— TASK INSTRUCTIONS —
For the data that follows, print the line with "Interessante zwei Seillängen", the line with "Un ouvrier de", and all lines between them, exactly as they stand. Omit pictures and add nothing.

— DATA FOR PROCESSING —
-- -- --

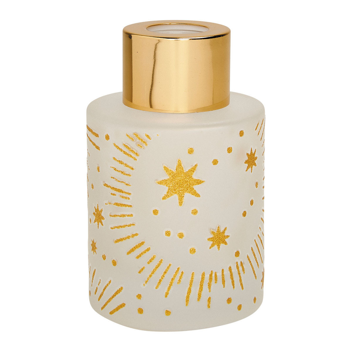 Descubra este hermoso set Fête Céleste. Contiene un difusor de fragancia ambiental y una decoración de yeso perfumado hecha enteramente a mano, inspirada en la belleza de los astros. Delicadamente dispuestas en el frasco, las varillas de ratán blanqueado se impregnan de perfume por capilaridad para difundirlo gradualmente en el aire ambiente. Este difusor perfuma durante varias semanas una habitación de pequeño tamaño.
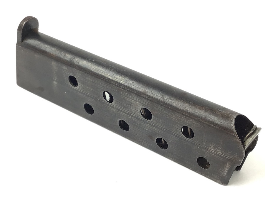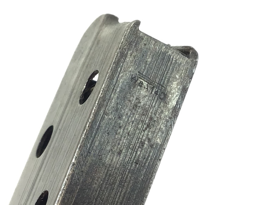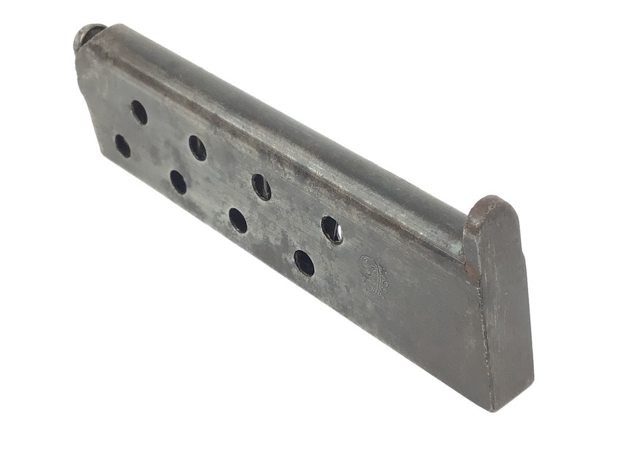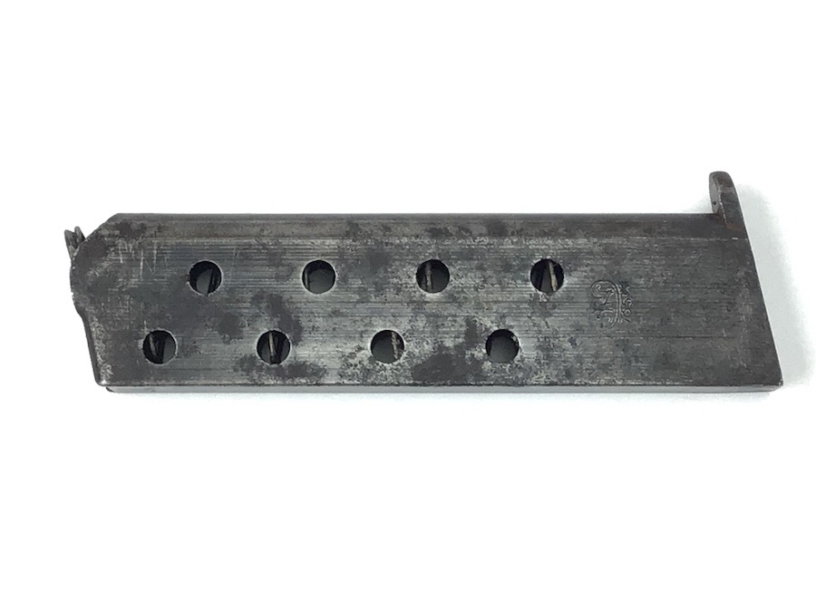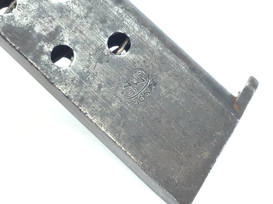 4/1/22 – This is an original WW2 era FN Browning model 1922 magazine. The right side of the magazine is FN stamped with 7.65m/m underneath. The top of the spine is stamped with a waffen military proof WaA140. The magazine is in great shape, with minimal wear. The spring is strong and fully functional.
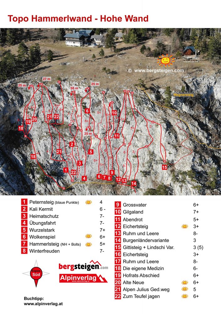 Interessante zwei Seillängen Routen im linkesten Teil der Hammerlwand, die sehr gut als Aussstiegsvariante des Eichertsteiges geklettert werden kann. Alterntiv erreicht man den Einstieg durch 2x35 m absteilen über die Hammerlwand.
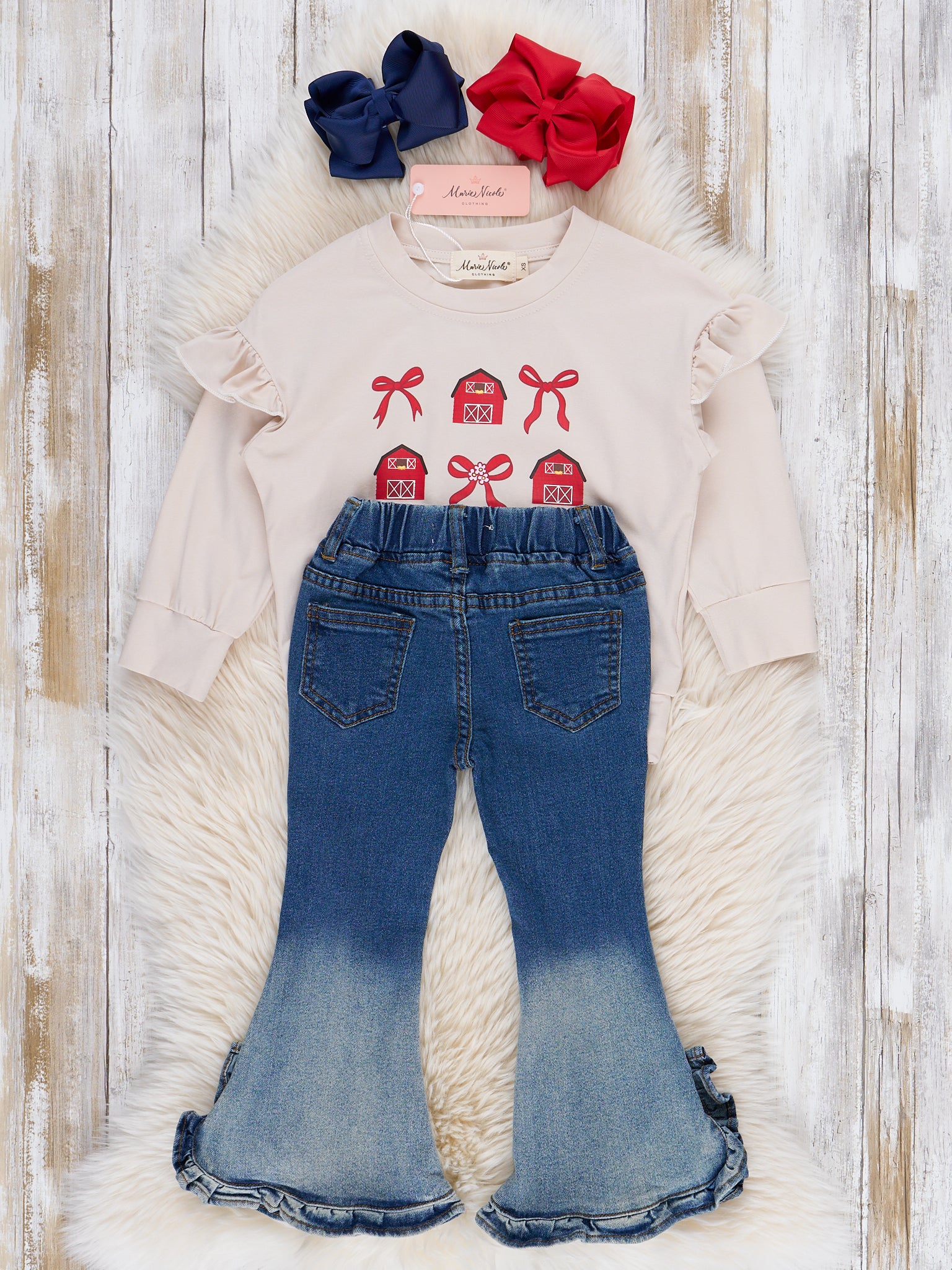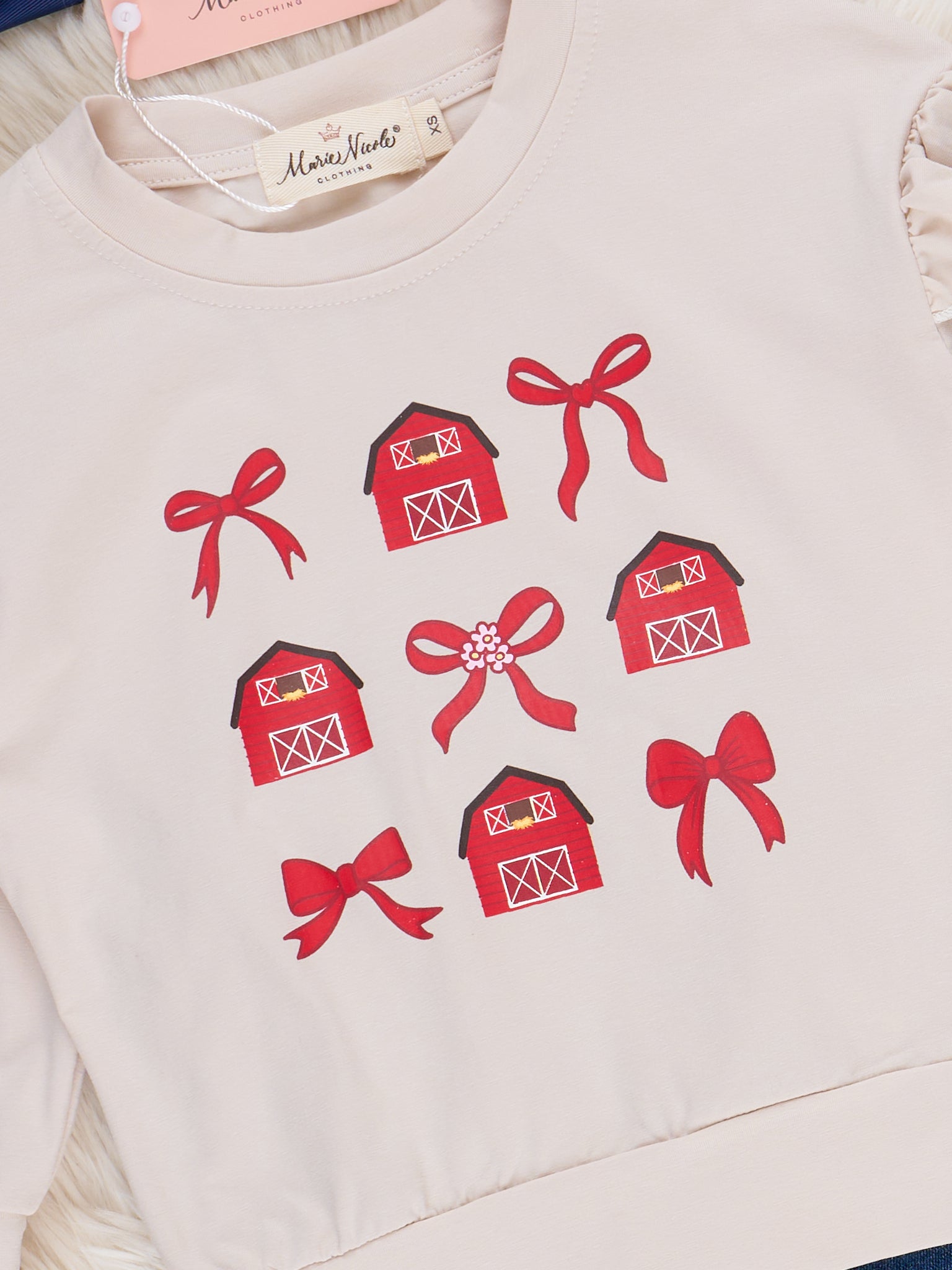 The Barns & Bows Ruffle Denim Outfit is a playful and rustic choice that’s perfect for farm days and fall adventures. Featuring charming barnyard prints, sweet bow details, and soft ruffle accents, this outfit from Marie Nicole Clothing blends country charm with everyday comfort. Paired with classic denim for a stylish twist, it’s ideal for hayrides, harvest festivals, and picture-perfect moments.
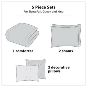 – King set includes: 1 comforter (104 inches x 90 inches), 2 shams (20 inches x 36 inches), 2 decorative pillows (18 inches x 18 inches, 12 inches x 18 inches)
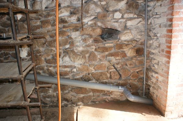 Un ouvrier de l'entreprise Berger est venu forer 5 trous dans les murs à la carotteuse diamantée (qui a mourru). Chaque trou a demandé 2 heures de travail car le granit est très dur. Le réseau d'eau pluviale a été totalement séparé
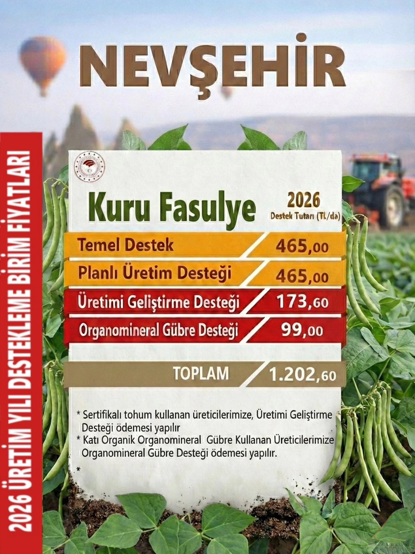2026 üretim yılı kapsamında kuru fasulye üreten çiftçilere dekar başına sağlanacak destek kalemleri şu şekilde belirlendi:
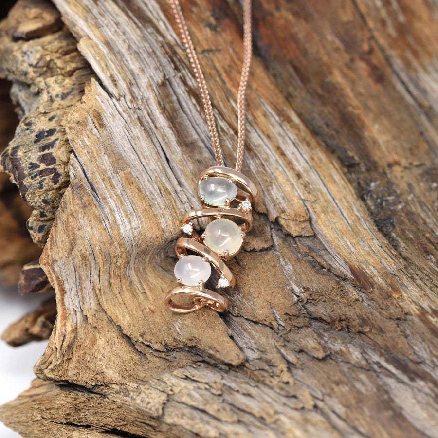 Baikalla™ "Alice" 18k Rose Gold Ice Jadeite Jade Diamond Pendant Necklace

-- -- --

— EXERCISE ANSWER —
 Interessante zwei Seillängen Routen im linkesten Teil der Hammerlwand, die sehr gut als Aussstiegsvariante des Eichertsteiges geklettert werden kann. Alterntiv erreicht man den Einstieg durch 2x35 m absteilen über die Hammerlwand.
 The Barns & Bows Ruffle Denim Outfit is a playful and rustic choice that’s perfect for farm days and fall adventures. Featuring charming barnyard prints, sweet bow details, and soft ruffle accents, this outfit from Marie Nicole Clothing blends country charm with everyday comfort. Paired with classic denim for a stylish twist, it’s ideal for hayrides, harvest festivals, and picture-perfect moments.
 – King set includes: 1 comforter (104 inches x 90 inches), 2 shams (20 inches x 36 inches), 2 decorative pillows (18 inches x 18 inches, 12 inches x 18 inches)
 Un ouvrier de l'entreprise Berger est venu forer 5 trous dans les murs à la carotteuse diamantée (qui a mourru). Chaque trou a demandé 2 heures de travail car le granit est très dur. Le réseau d'eau pluviale a été totalement séparé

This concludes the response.